• **Task directions**:
Skip the pictures. Copy all the rest of the records down exactly.

• **Material provided**:

##########

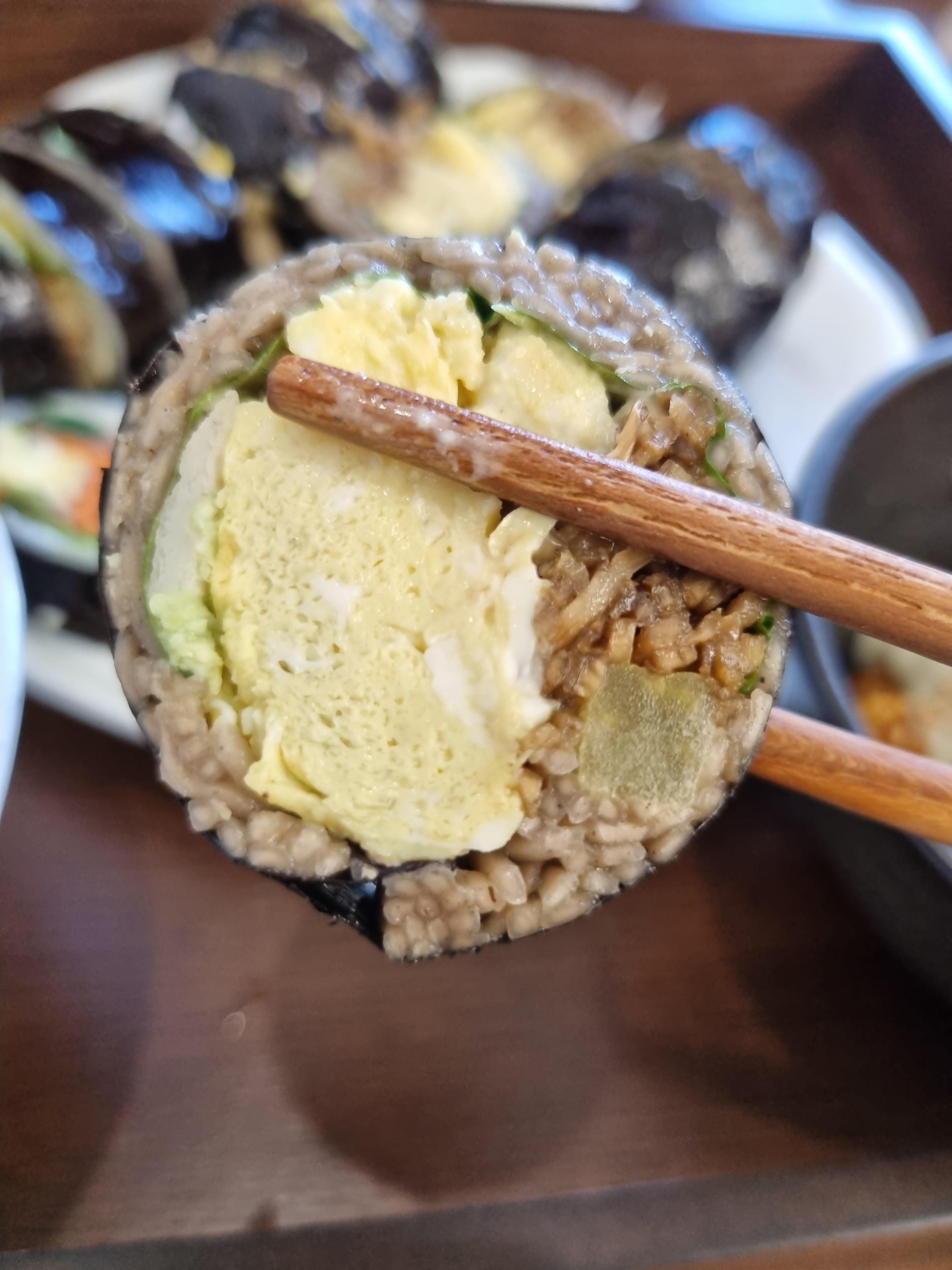 계절곳간 김밥 중 추천을 한다면 메밀김밥을 꼭 드셔보시길 추천합니다.
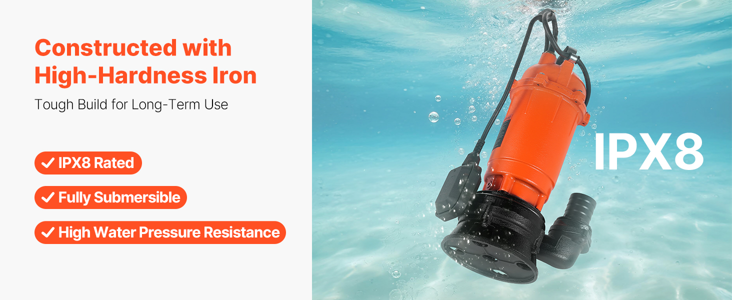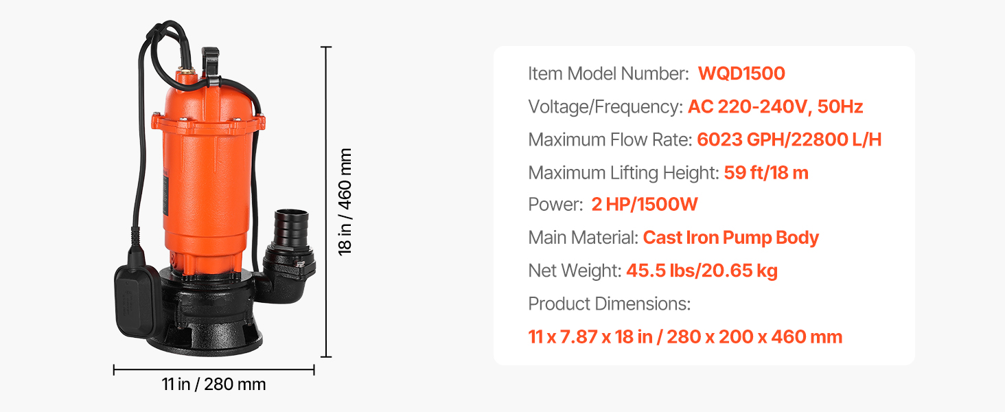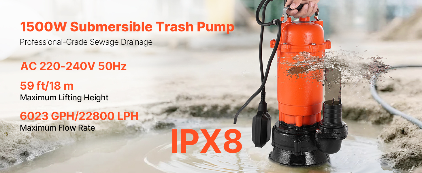 Toto 1500W (2 HP) kalové čerpadlo s maximálnym prietokom 22 800 l/h (6023 GPH) a maximálnym výtlakom 18 m (59 stôp) vám pomôže zvládnuť náročné úlohy spojené s odvádzaním odpadových vôd. Liatinové puzdro a vodotesnosť IPX8 pre spoľahlivý ponorný výkon. Ideálne na vypúšťanie bazénov, rybníkov, fariem atď.
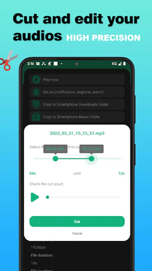 MP3 Video Converter is also an excellent audio cutter and ringtone maker. It is designed for editing video for audio, cutting, sharing with any app or person and also if you want, setting the extracted audio as ringtone, notification sound or alarm clock of your smartphone.
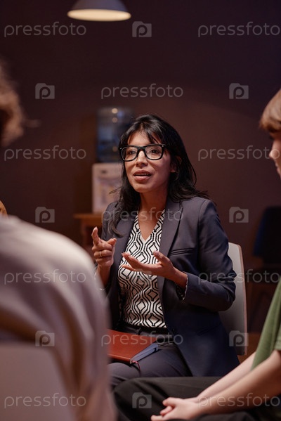 Вертикальный снимок современного психотерапевта, работающего с группой людей, страдающих депрессией и обсуждающей что-то с ними
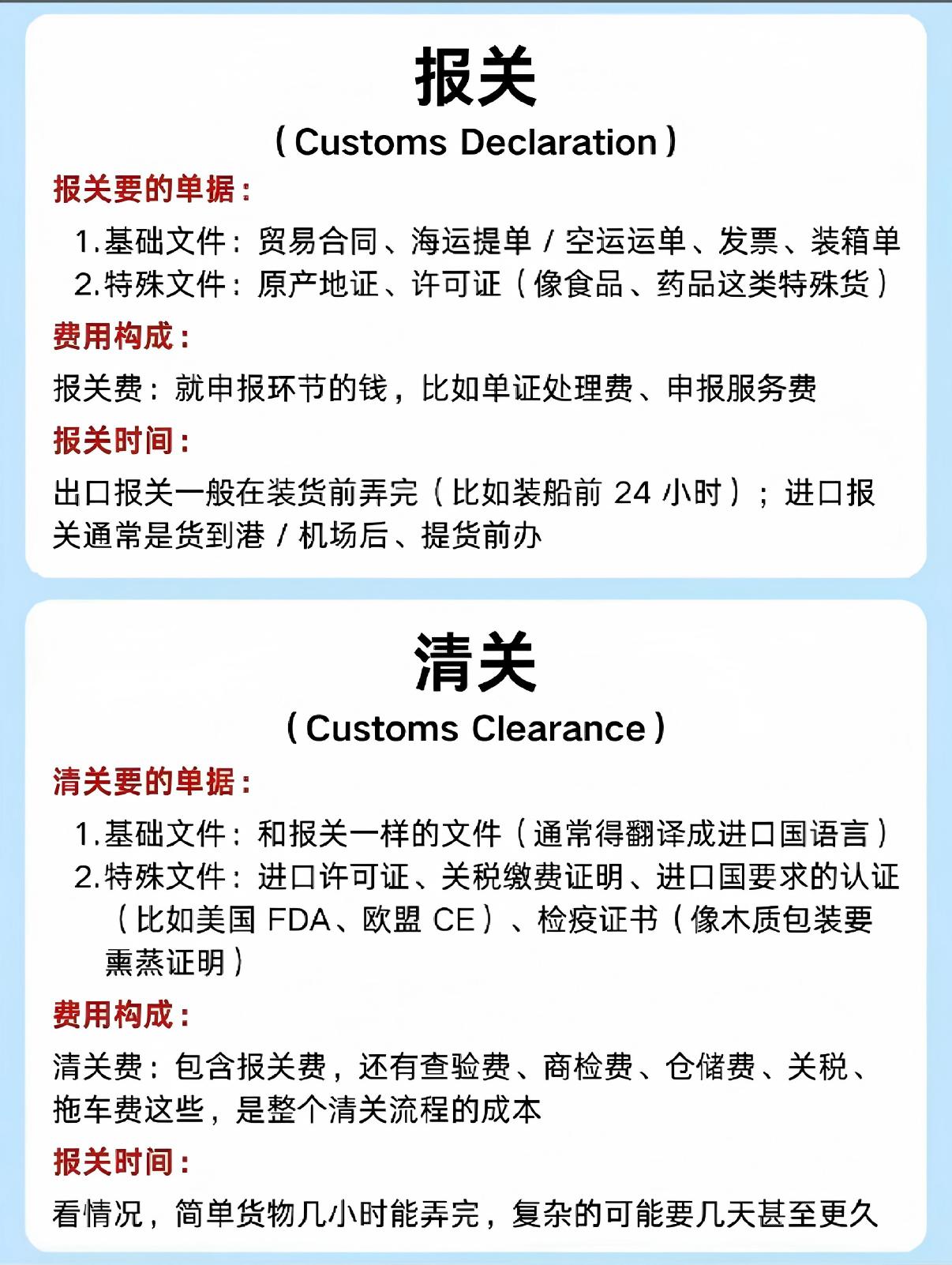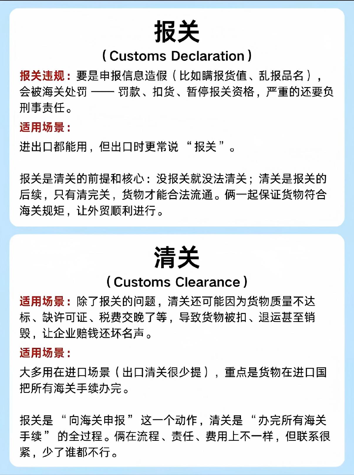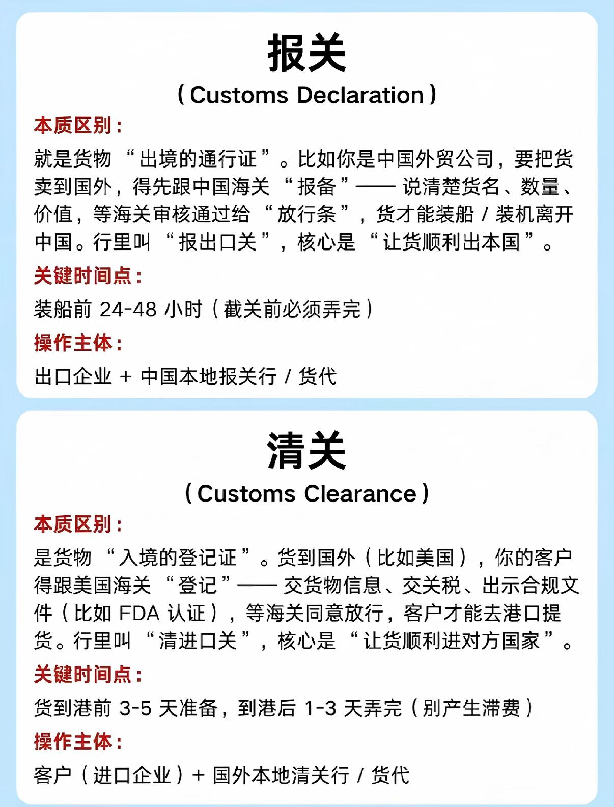 报关:是进出口企业 / 货代向海关申报货物信息的行为。清关:是海关完成审核、查验、征税、放行的整个流程结果。
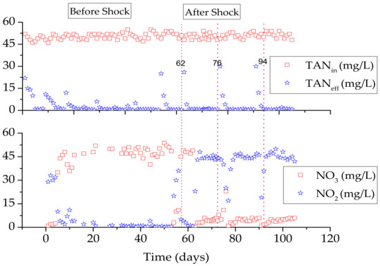 The stability of biological reactors can be changed temporarily by substrate shock and returned to an original steady-state condition within a few days of operation [11,23,24,25,26,27]. The experimental results showed that NOB are more sensitive to FA concentrations [19].
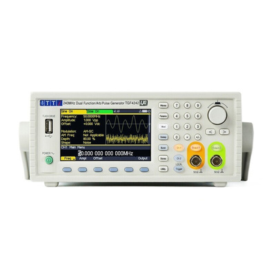 The TGF4000 series is the latest function/arbitrary generator series from Aim-TTi offering class-leading performance and unrivalled value for money.A frequency capability of up to 240MHz is combined with two identical full performance channels that can operate as independent generators or in coupled or tracking modes. Precise channel to channel phase control with a resolution of 0.0010 is provided.A wide range of built-in waveforms is included and custom arbitrary waveforms can be used at sample speeds up to 800MSa/s and replay rates up to 80MHz. PC based arbitrary waveform generation and editing software is provided.High resolution, low jitter pulses can be generated up to 100MHz as can wide bandwidth white noise. An extensive array of modulations is provided using internal and external sources. Gated, burst and sweep modes can use internal or external trigger sources.

##########

• **Solution to this problem**:
 계절곳간 김밥 중 추천을 한다면 메밀김밥을 꼭 드셔보시길 추천합니다.
 Toto 1500W (2 HP) kalové čerpadlo s maximálnym prietokom 22 800 l/h (6023 GPH) a maximálnym výtlakom 18 m (59 stôp) vám pomôže zvládnuť náročné úlohy spojené s odvádzaním odpadových vôd. Liatinové puzdro a vodotesnosť IPX8 pre spoľahlivý ponorný výkon. Ideálne na vypúšťanie bazénov, rybníkov, fariem atď.
 MP3 Video Converter is also an excellent audio cutter and ringtone maker. It is designed for editing video for audio, cutting, sharing with any app or person and also if you want, setting the extracted audio as ringtone, notification sound or alarm clock of your smartphone.
 Вертикальный снимок современного психотерапевта, работающего с группой людей, страдающих депрессией и обсуждающей что-то с ними
 报关:是进出口企业 / 货代向海关申报货物信息的行为。清关:是海关完成审核、查验、征税、放行的整个流程结果。
 The stability of biological reactors can be changed temporarily by substrate shock and returned to an original steady-state condition within a few days of operation [11,23,24,25,26,27]. The experimental results showed that NOB are more sensitive to FA concentrations [19].
 The TGF4000 series is the latest function/arbitrary generator series from Aim-TTi offering class-leading performance and unrivalled value for money.A frequency capability of up to 240MHz is combined with two identical full performance channels that can operate as independent generators or in coupled or tracking modes. Precise channel to channel phase control with a resolution of 0.0010 is provided.A wide range of built-in waveforms is included and custom arbitrary waveforms can be used at sample speeds up to 800MSa/s and replay rates up to 80MHz. PC based arbitrary waveform generation and editing software is provided.High resolution, low jitter pulses can be generated up to 100MHz as can wide bandwidth white noise. An extensive array of modulations is provided using internal and external sources. Gated, burst and sweep modes can use internal or external trigger sources.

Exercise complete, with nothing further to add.